March 23, 2010

A Word on Staples...

We, as an obnoxiously unaffected society, don't give nearly enough consideration to the little things that make Planet Earth such a smashing place to eat dead pigs and stuff. Man, can you tell I'm craving bacon?

Simple pleasures, folks. That's all I need (aside from George Clooney, a Ferrari and a private island on which to enjoy the preceding items.) But I'll settle for courteous staples.

Here's the thing... Being a regular gal with aforementioned simple needs (Do Ferraris come automatic), I believe I should be able to stumble into my place of employ and join several pages of nonsense (such as Medicare claims) together with no more effort than I put into my hair. Which is none.

Is this lofty goal unreasonable? Apparently, Staples believes it is. Why is it that I'm utilizing the very latest model of Staples stapler (exact model to your left), filled to bursting with Staples staples and...
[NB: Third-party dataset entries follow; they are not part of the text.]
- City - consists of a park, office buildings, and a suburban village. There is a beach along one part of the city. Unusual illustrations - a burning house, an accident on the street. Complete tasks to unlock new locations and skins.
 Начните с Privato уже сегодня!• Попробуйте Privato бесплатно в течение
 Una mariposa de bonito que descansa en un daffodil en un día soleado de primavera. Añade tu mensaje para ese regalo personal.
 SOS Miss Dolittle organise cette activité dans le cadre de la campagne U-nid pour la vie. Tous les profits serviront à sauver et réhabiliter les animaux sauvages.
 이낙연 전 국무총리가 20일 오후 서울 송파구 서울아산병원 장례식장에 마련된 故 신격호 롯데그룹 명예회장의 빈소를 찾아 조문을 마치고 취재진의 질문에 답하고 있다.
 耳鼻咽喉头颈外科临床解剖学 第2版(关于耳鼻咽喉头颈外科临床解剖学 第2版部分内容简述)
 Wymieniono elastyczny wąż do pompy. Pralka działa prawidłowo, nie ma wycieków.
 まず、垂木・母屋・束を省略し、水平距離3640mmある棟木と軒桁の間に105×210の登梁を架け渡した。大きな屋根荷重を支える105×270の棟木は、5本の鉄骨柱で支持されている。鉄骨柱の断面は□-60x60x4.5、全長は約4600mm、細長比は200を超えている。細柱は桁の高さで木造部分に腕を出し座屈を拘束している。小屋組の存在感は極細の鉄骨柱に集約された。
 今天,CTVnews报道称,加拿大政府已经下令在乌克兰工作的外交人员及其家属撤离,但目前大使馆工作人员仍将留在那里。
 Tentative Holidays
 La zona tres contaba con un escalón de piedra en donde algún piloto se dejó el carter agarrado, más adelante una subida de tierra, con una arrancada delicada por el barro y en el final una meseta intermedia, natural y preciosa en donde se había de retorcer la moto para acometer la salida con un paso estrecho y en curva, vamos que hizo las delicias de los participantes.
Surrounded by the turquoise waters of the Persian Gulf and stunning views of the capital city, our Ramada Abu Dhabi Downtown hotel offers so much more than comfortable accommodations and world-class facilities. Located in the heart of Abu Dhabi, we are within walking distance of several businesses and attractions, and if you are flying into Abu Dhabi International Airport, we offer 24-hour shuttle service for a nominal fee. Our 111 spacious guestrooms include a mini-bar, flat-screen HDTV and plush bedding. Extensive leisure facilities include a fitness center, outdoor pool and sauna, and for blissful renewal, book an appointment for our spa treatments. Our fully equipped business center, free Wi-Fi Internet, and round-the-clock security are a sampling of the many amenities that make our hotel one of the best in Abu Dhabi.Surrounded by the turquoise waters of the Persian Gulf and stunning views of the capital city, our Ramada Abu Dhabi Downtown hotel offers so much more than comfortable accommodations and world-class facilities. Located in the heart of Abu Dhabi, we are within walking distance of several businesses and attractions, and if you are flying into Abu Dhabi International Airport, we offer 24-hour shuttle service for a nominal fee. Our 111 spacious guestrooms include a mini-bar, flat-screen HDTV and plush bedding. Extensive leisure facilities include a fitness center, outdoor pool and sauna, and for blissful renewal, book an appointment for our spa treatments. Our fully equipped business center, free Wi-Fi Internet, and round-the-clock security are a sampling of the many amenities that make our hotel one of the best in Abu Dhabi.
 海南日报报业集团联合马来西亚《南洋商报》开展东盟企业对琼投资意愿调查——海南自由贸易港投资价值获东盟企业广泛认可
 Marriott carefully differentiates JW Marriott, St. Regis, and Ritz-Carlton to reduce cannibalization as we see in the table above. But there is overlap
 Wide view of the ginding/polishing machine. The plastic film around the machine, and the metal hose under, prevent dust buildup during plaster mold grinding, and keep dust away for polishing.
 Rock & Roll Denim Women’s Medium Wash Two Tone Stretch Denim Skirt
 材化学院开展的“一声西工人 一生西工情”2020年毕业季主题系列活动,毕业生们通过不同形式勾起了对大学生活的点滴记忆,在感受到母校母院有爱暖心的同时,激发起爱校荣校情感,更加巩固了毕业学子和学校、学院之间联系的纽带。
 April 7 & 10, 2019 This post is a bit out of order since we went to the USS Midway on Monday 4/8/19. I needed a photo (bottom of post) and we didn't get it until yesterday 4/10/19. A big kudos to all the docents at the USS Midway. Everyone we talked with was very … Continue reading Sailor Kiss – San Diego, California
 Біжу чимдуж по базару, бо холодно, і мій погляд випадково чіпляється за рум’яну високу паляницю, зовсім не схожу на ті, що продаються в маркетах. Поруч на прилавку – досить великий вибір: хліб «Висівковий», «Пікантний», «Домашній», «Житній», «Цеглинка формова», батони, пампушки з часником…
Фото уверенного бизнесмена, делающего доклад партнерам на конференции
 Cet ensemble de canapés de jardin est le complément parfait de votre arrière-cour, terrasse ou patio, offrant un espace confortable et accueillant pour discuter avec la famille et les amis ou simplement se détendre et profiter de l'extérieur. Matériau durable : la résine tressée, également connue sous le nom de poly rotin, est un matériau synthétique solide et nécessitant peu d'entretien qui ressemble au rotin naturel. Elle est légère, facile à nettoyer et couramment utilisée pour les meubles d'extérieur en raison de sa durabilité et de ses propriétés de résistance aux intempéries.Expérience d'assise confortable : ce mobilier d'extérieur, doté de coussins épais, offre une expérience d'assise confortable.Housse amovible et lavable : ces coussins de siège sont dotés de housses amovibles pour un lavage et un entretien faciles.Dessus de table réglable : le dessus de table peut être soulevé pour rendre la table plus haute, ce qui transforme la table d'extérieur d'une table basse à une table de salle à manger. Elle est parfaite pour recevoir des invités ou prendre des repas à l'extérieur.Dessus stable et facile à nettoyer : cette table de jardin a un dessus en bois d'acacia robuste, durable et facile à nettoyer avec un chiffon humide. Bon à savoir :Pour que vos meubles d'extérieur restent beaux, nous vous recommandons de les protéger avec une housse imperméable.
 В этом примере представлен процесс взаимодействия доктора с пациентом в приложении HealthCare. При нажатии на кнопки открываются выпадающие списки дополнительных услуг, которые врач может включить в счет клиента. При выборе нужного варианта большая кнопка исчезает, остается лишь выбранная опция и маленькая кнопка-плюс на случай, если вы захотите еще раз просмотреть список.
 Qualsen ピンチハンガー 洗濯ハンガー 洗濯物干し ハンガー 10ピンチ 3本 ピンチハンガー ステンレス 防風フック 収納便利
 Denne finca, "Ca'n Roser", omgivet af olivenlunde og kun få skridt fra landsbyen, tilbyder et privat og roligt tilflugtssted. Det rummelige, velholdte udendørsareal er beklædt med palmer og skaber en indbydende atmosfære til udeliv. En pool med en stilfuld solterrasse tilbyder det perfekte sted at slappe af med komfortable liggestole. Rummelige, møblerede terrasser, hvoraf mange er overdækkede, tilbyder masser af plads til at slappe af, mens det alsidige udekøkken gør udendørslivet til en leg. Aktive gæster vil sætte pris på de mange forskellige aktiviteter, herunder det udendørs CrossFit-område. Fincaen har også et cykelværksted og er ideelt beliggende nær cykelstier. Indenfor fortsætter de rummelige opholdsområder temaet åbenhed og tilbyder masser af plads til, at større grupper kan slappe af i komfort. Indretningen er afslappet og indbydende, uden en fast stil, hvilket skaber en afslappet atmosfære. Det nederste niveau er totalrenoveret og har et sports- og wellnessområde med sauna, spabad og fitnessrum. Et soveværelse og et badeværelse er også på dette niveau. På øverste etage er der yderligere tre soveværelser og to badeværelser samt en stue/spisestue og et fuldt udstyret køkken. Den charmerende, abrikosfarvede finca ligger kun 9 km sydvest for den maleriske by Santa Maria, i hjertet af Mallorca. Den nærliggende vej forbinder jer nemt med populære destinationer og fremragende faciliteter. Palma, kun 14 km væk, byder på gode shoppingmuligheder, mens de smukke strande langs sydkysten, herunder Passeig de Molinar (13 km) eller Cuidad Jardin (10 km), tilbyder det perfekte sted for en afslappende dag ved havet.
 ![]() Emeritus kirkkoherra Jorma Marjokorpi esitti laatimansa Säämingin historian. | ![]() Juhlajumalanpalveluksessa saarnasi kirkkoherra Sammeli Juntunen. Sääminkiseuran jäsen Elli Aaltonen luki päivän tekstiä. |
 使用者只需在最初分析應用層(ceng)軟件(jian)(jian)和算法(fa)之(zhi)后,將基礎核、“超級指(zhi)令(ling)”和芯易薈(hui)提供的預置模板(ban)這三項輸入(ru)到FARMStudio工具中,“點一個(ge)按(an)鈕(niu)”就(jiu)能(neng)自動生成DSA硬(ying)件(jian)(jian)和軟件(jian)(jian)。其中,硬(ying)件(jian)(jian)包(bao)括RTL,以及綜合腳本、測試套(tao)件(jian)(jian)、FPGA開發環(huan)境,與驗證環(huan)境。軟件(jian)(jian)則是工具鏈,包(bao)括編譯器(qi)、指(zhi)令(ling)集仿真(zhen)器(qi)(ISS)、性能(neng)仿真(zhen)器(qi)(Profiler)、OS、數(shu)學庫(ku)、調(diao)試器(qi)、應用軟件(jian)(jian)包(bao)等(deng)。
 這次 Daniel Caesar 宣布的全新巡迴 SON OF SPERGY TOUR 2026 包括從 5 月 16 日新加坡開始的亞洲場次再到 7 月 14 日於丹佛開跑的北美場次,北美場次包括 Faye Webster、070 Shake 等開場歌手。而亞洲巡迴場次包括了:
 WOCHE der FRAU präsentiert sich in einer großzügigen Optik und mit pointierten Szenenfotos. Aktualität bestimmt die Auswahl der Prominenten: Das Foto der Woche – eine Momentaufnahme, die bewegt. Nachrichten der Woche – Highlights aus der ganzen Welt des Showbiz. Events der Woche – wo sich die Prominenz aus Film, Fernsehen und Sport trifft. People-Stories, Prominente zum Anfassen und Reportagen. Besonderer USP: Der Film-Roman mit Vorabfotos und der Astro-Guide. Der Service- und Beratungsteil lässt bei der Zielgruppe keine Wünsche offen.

Why do I get three at once and each contorted in a different direction (which is rather like a staple orgy and nothing you should be contemplating)? And they admit it! Note the 'L' in the above Staples logo and you'll see how 32.7% of my stapling attempts look. Lopsided, like a deformed alien with half a brain and marbles in his shoes. Is it so difficult to get a matched pair of office apparatus and have smoothness rule my day?

To recap, I'm using Staples staples in a Staples stapler and it all goes pear-shaped. Maybe Milton had it right? SWINGLINE ALL THE WAY!


  1. Could they be the wrong sized staples for the stapler?

  2. I'd employ a minion to do that type of thing. Let them eat staples.